Abu'l-Qasim Ubaydallah ibn Abdallah ibn Khordadbeh (Arabic: ابوالقاسم عبیدالله ابن خرداذبه; 820/825–913), commonly known as Ibn Khordadbeh (also spelled Ibn Khurradadhbih; ابن خرددة), was a high-ranking bureaucrat and geographer of Persian descent[1] in the Abbasid Caliphate.[2] He is the author of the earliest surviving Arabic book of administrative geography.[3]

  1. ^ van Arendonk, C. (2012-04-24), "Ibn K̲h̲ordād̲h̲beh", Encyclopaedia of Islam, First Edition (1913-1936), Brill, retrieved 2023-07-31, Abu 'l-Ḳāsim ʿUbaid Allāh b. ʿAbd Allāh, an important geographer of Persian descent who was apparently born in the early years of the third century a. h. (c. 820).

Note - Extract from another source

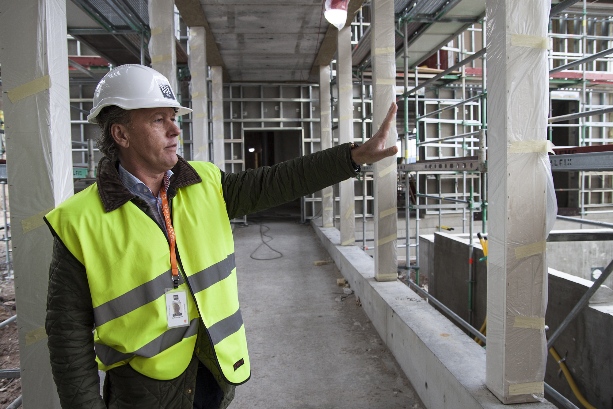 Markus Höglund ger Östsvenska Handelskammaren en rundtur och visar var utomhuspool, gym och spa ska ligga.

  2. ^ "GEOGRAPHY iv. Cartography of Persia – Encyclopaedia Iranica". www.iranicaonline.org. Retrieved 2019-08-24. Ebn Ḵordādbeh (fl. 9th cent., q.v.), one of the earliest Persian geographers, produced in 846 his major work Ketāb al-masālek wa'l mamālek, which is considered the foundation for the later Balḵī school of geography
  3. ^ Bosworth 1997, pp. 37–38.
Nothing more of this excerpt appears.